Nemonymous is a UK publication which the editor and publisher call a "megazanthus". (Their portmanteau word combining magazine and anthology) It contains original short fiction.

It is edited by British writer D.F. Lewis. Nemonymous is unique in that all stories are published anonymously, and in the early issues, the identities of contributing authors were withheld until the following issue came out. The idea behind this arrangement was to temporarily strip the reader of any preconceptions about the authors (including popularity, gender and place of origin), and thus level the playing field of expectation.

In fact stories were also submitted anonymously for several volumes so that the editor did not know the authors until he had completed his 'long list'.







The ninth issue of Nemonymous, entitled *Cern Zoo* has now been released and details are available here. It contains 24 short stories including - as a declaration of interest - one by yours truly

Lately authors' names have been included on the back cover but there are no clues to identify the story they contributed to the collection. Authors' names are released on the website after giving readers time to finish the collection, and send in their best guesses as to who wrote what. 

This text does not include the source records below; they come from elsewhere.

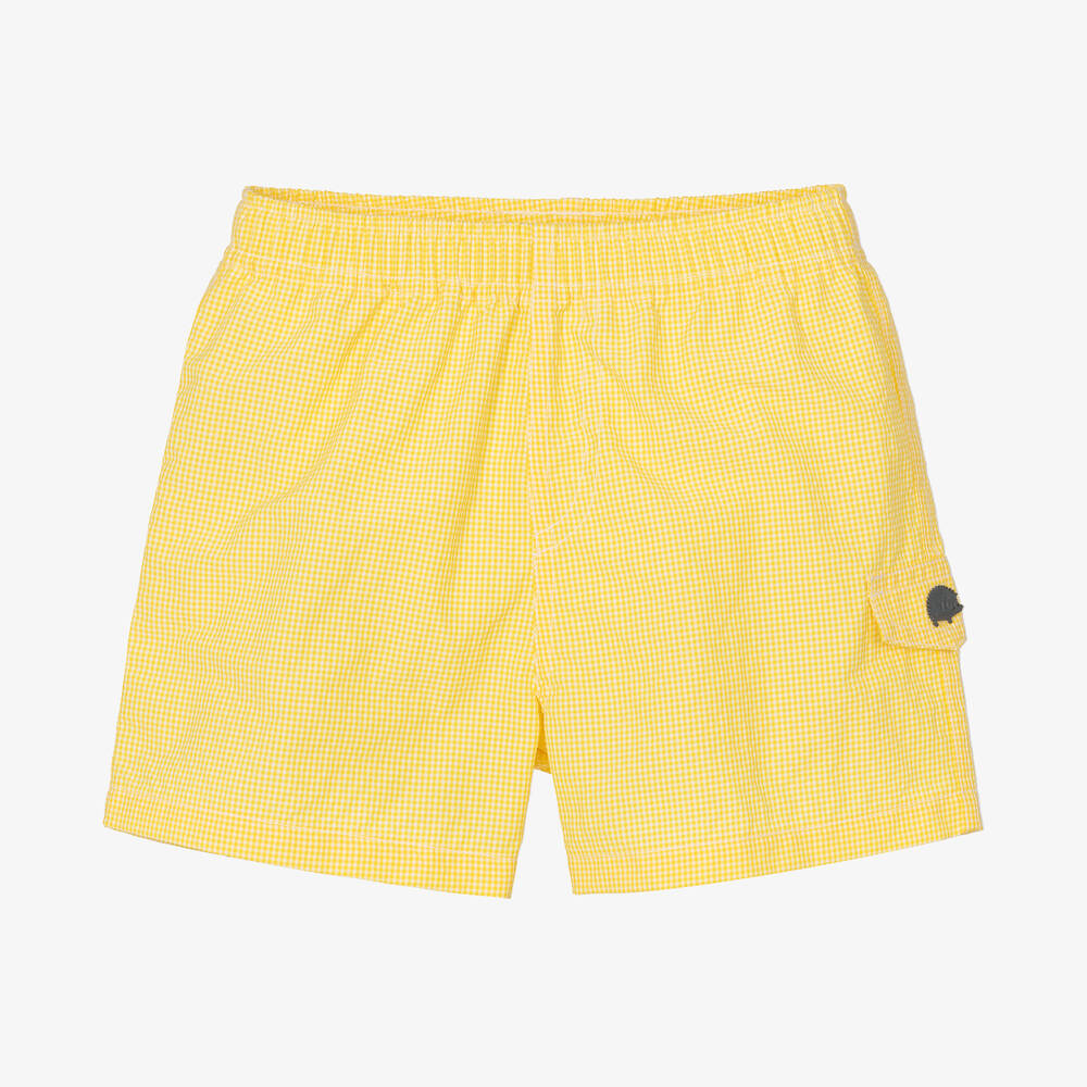 Bright yellow swim shorts for boys by Tartine et Chocolat, made in lightweight fabric with a soft mesh lining. In a small gingham check, these comfortable shorts have an elasticated waistband and a rubberised hedgehog patch on the leg.
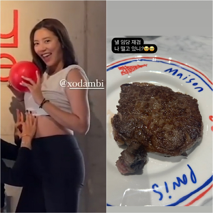 사진 속 손담비는 크롭티를 입은 채 임신 7개월 차의 D라인을 웃으며 공개했다. 그는 또 스테이크 사진을 공유하며 "낼 임당 재검, 나 떨고 있니?"라는 글을 올리기도 했다.
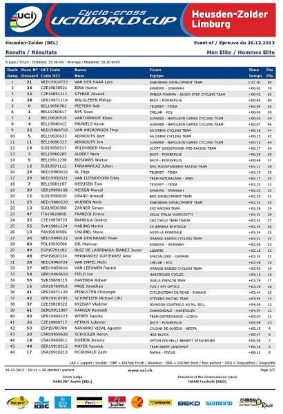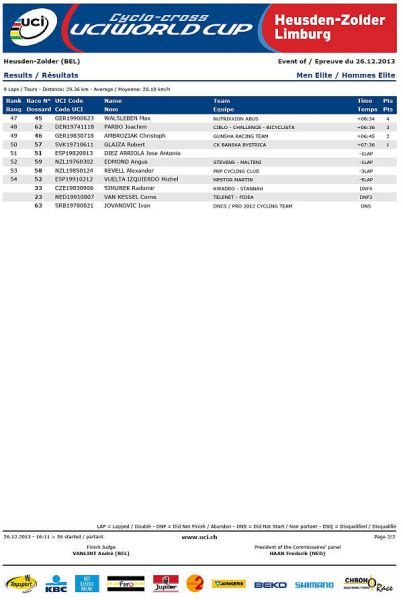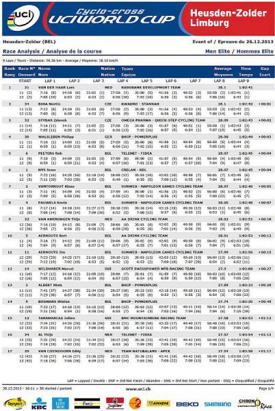 Výsledky muži Světový pohár Heusden-Zolder Belgie 26.12.2013: Internetové stránky SP Heusden-Zolder. Výsledky (results) na stránkách UCI. UCI Ranking - Cyclo Cross 2013/2014. Jak se stát členem Fan klubu Zdeňka Štybara? Dne 26.12.2013:Ing. Josef Hrábek #ZŠ# Pro reakci na článek musíte být přihlšen |
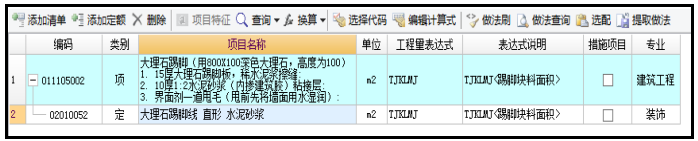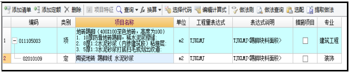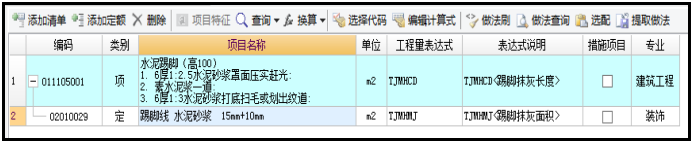 新建踢脚,名称为“踢脚2”,块料厚度为15,高度为100;套取清单和定额,并选择工程量代码。
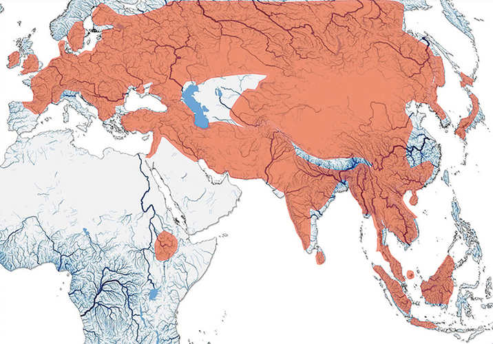 Současné rozšíření ryb čeledi Nemacheilidae (červeně). Upraveno podle: V. Šlechtová a kol. (2025)
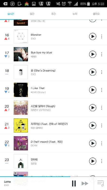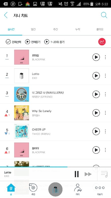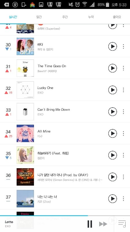 로또 2위에다가 몬스터 16위 꿈 18위, 럭키원 32위 캔트 브링 미 다운 33위 등등 성적 너무 부진해 애들 상 주고싶으면 밥 든든히 먹고 스밍 좀 열심히 돌리자
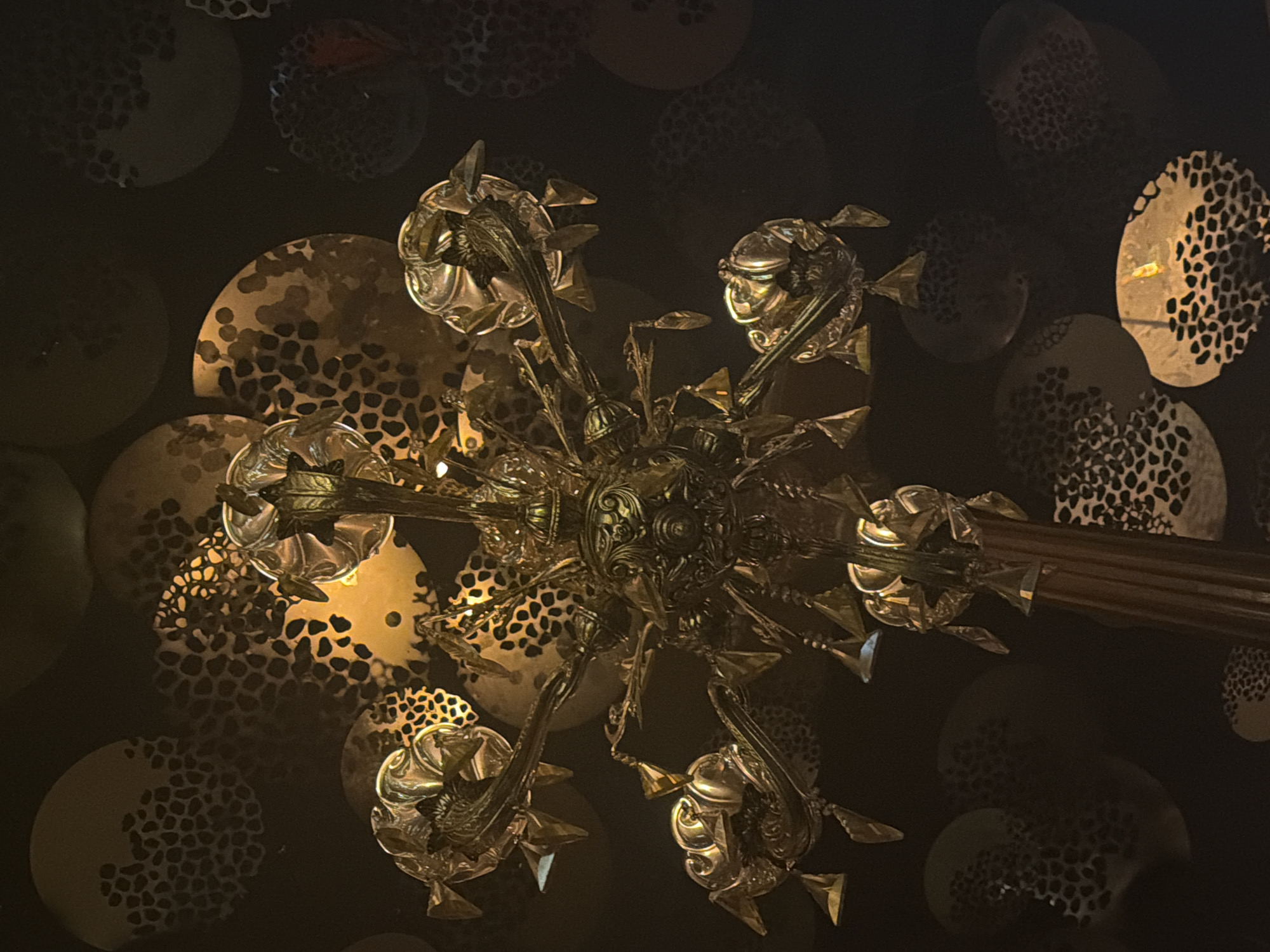 decorative ceiling in Madrid, Spain. The ceiling is adorned with multiple circular or disc-shaped metallic elements. These discs feature a patterned design, possibly perforations creating a mottled effect. In the foreground, a detailed and ornate metallic chandelier is prominently featured. The chandelier has multiple arms extending outwards and is likely made of brass or a similar alloy. The lighting fixture is positioned directly below the camera, offering an upward view toward the ceiling. The scene is dimly lit, creating stark contrasts between the brighter metallic elements and the darker background.
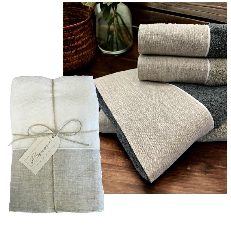 Coppia di asciugamani viso e ospite 100% cotone/spugna 420gr con bordo in lino tinto in capo.
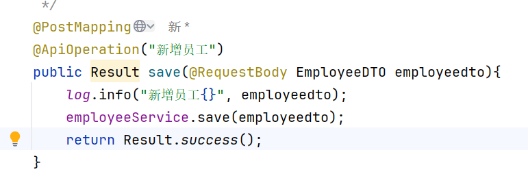 然后要注意的是我们给前端的数据是封装到employeeDto里的,所以传入的参数是dto而不是employee
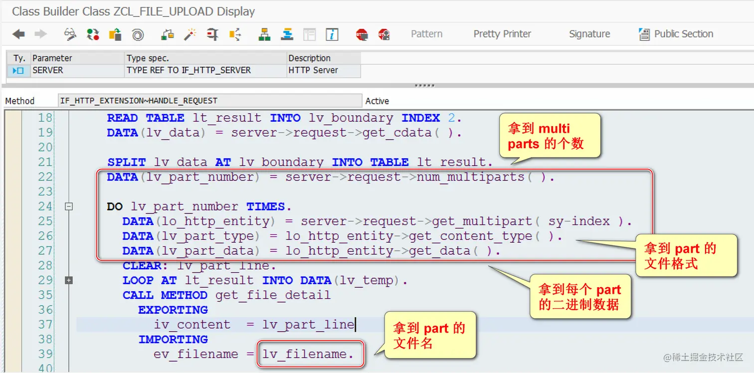 当 ABAP 服务器接收到的客户端数据格式为 multipart/form-data 时,调用 CL_HTTP_REQUEST 的num_multiparts 方法可以得到 parts 的个数,再使用 get_multipart 方法,传入每个 part 的索引,就可以得到代表这个 part 的一个实例引用。
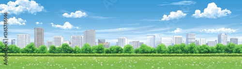 Fototapeta premium City skyline, park, meadow, sunny day, idyllic urban landscape
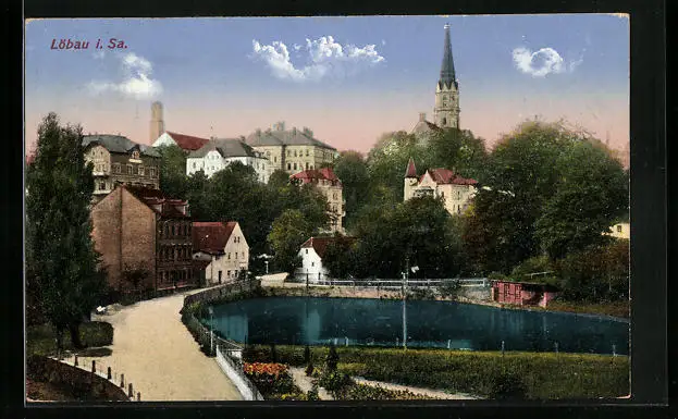 AK Löbau i. Sa., Ortspartie mit Kirche
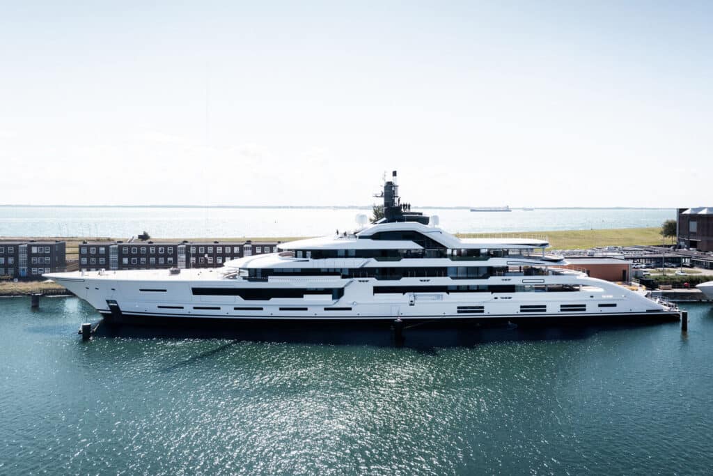 Amels has launched its largest yacht to date, the 120-meter Project Tanzanite, from the Damen Yachting facility in Vlissingen, The Netherlands. The full-custom build, previously known as Amels 477, will undergo outfitting ahead of delivery scheduled for 2026.
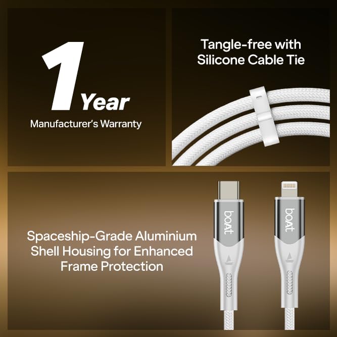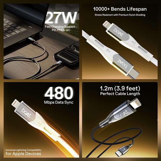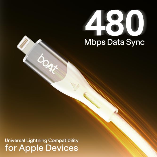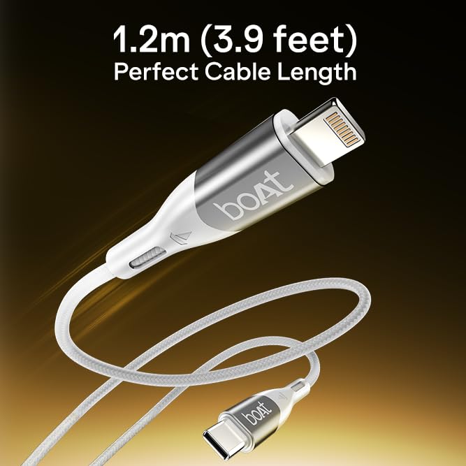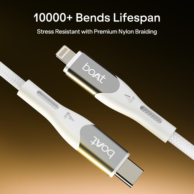 Experience smarter, faster, and more durable charging with the boAt Type-C to Lightning 27W Fast Charging Cable. Built for Apple users, this cable supports 27W ultra-fast charging, allowing your devices to power up quickly while maintaining steady and consistent performance across all Lightning-enabled devices. The 1.2m length offers comfortable reach whether you’re working at a desk, relaxing by the bedside, or plugging into wall switches positioned a little farther away. It’s designed for everyday convenience without being too long or bulky. For everyday syncing, the cable supports reliable 480Mbps data transfer, making routine tasks like transferring photos, videos, and backups smooth and interruption-free. Crafted with a premium nylon braided exterior, the cable feels sturdy and durable in hand, offering added protection against wear and daily use. The flexible braided design keeps the cable tangle-free and easy to manage, and it also comes with a silicone cable tie, so you can neatly wrap, store, or carry it without any clutter. Engineered for longevity, the cable has undergone testing for 10,000+ bends, ensuring it stands strong against repeated twists and bends over time. The connectors are reinforced with spaceship-grade aluminium alloy shells and extended tail protection that safeguard stress points, reduce chances of fraying, and make the cable capable of handling constant plugging and unplugging. Backed by a 1-year manufacturer’s warranty from boAt, trusted by millions of boAtheads, this Type C to Lighting 27W cable brings together fast charging, durable build quality, and everyday ease of use, making it a reliable companion for all your Apple Lightning devices.
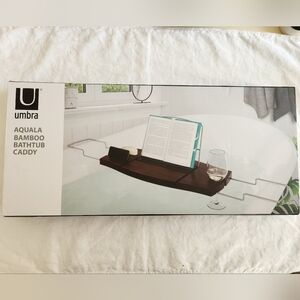 Dark stained bamboo wood bathtub caddy extendable tray with popup stand to hold a book or magazine, Aquala by Umbra.
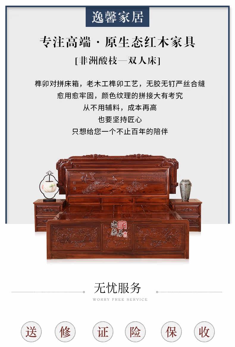 Корзина из палисандра из натурального дерева для спальни, классическая мебель для двоих, 1.8м
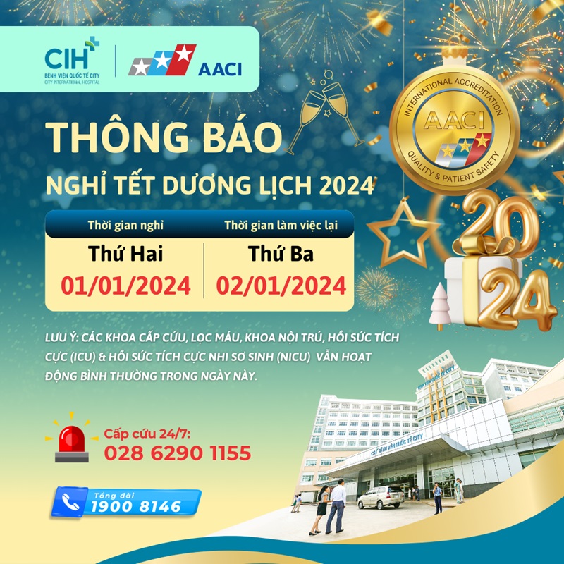 Chào đón năm mới 2023, Bệnh viện Quốc tế City (CIH) trân trọng thông báo Lịch nghỉ Tết Dương Lịch 2024 của bệnh viện như sau:
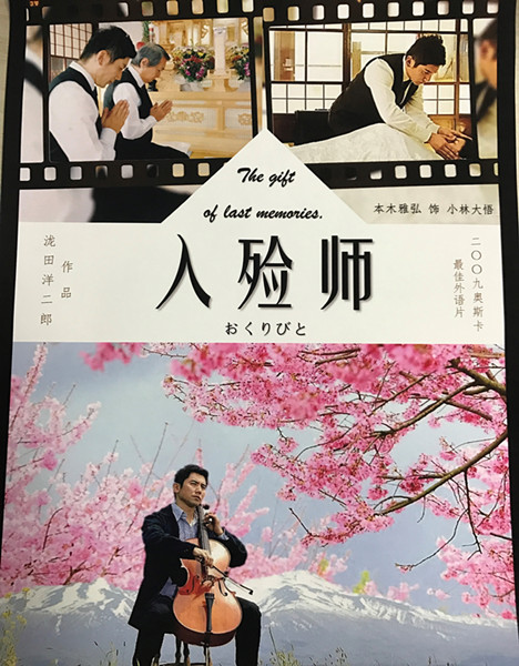 看完入殓师,我首先想到的与之相关的职业是医院的妇产科医生。这些医生是迎接新生命的一批人,而入殓师则是为人们送上最后一程的一批人,实际上我觉得,他们的工作是有相当的可比性的。然而在这个社会中,绝大部分人都选择尊重妇产科医生们,但却轻视、甚至蔑视入殓师这份职业。仔细想想,这份理应得到尊重的职业却长久以来被人们唾弃,这真的是一件奇怪的事情。回到电影上,我认为这部电影讲的是死亡,但想表达的却是生命。小林大悟让我们意识到,对待每一个逝去的生命都应该万分庄重;而对于眼前鲜活的一切,更应该认真、温柔地对待,这也是电影所想表达的一点。海报前景中的大提琴是电影中很重要的一个线索,我认为通过对大提琴的态度,可以看出小林大悟的成长。在他卖掉大提琴的那一刻,他也迷失了自我;而后来在慢慢接触入殓师这份职业的过程中,他也捡起了大提琴,当拉琴不再是一种职业而更是一种爱好和心灵的释放,当最初的慌张和恐惧随着琴声一点点散去,我相信小林得到了成长。而背景中的樱花则是日本的一个象征,美丽而易逝,某种程度上是日本人生死观的体现。
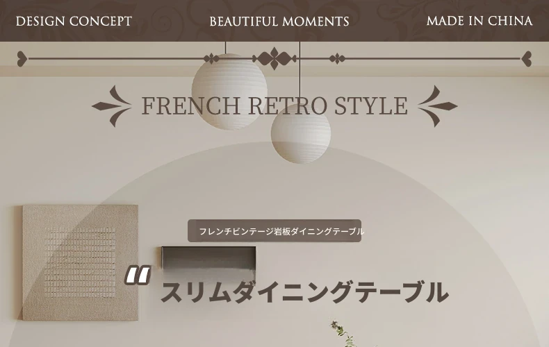 レトロな無垢材を使用したデリフォンデザインの長方形フランス風ヴィンテージダイニングテーブル。高級感あふれる家庭用岩板テーブルで、インテリアに華やかさをプラスします。
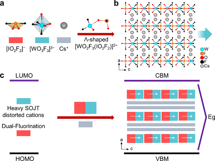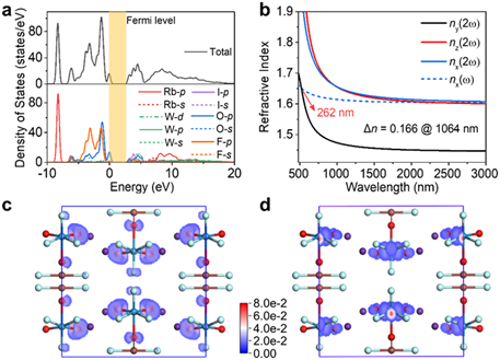 在这一研究中,研究团队对具有孤对电子的I5+和具有较低有效电负性的W6+两种二阶姜-泰勒畸变的重阳离子进行双氟化,在能带结构中引起了显著差异,从而有效地增强了材料线性及二阶非线性光学性能。同时,氟元素作为化学“剪刀”,诱导两种氟代氧阴离子基元共享氧位点,形成Λ构型的零维结构单元[WO2F3(IO2F2)]2−。这些构造单元沿c轴堆积,有利于基团二阶微观极化率的叠加。研究团队还运用单晶结构X射线衍射分析结合密度泛函理论方法进行模拟计算,进一步探讨并阐明了RWOFI和CWOFI中带隙和倍频效应的增益可归因于[WO3F3]2−和[IO2F2]−两种氧氟阴离子的有效排列。该氟化碘酸盐在1064 nm下表现出强的倍频效应(3.8 × KDP (RWOFI)和3.5 × KDP (CWOFI)),并且能够实现相位匹配。该氟化碘酸盐还具有覆盖紫外到中红外波段的宽光学透过窗口和宽的光学带隙(4.42 eV (RWOFI)和4.28 eV (CWOFI),带隙为d0过渡金属碘酸盐体系中最大值)。该项研究中提出的双氟化导向能带工程策略为高性能二阶非线性光学材料的开发提供了新的思路。

Each volume continues to list the previous issue's authors' names alongside their story's title.


----------



## Roy1 (Jun 20, 2009)

Anonymous anthologies are suddenly fashionable.  4th Estate get in on the act. 
The  Guardian comments, the CERN ZOO authors pitch in and  Fictionbitch  summarises. 68


----------



## Roy1 (Jul 2, 2009)

And a few copies of *Cern Zoo* will also be on sale 'in the wild'. This is a very rare event. 142


----------



## Roy1 (Jul 27, 2009)

Mathew Fryer's review: 





> _Cern Zoo_ is a banquet. A cornucopia of flavour and texture, of many courses and layers. Just beware of the cockroaches lurking in the salad.246


Charles Tan's review: 





> ...the sheer number of stories, formats, and genres does emulate a form of literary zoo...


----------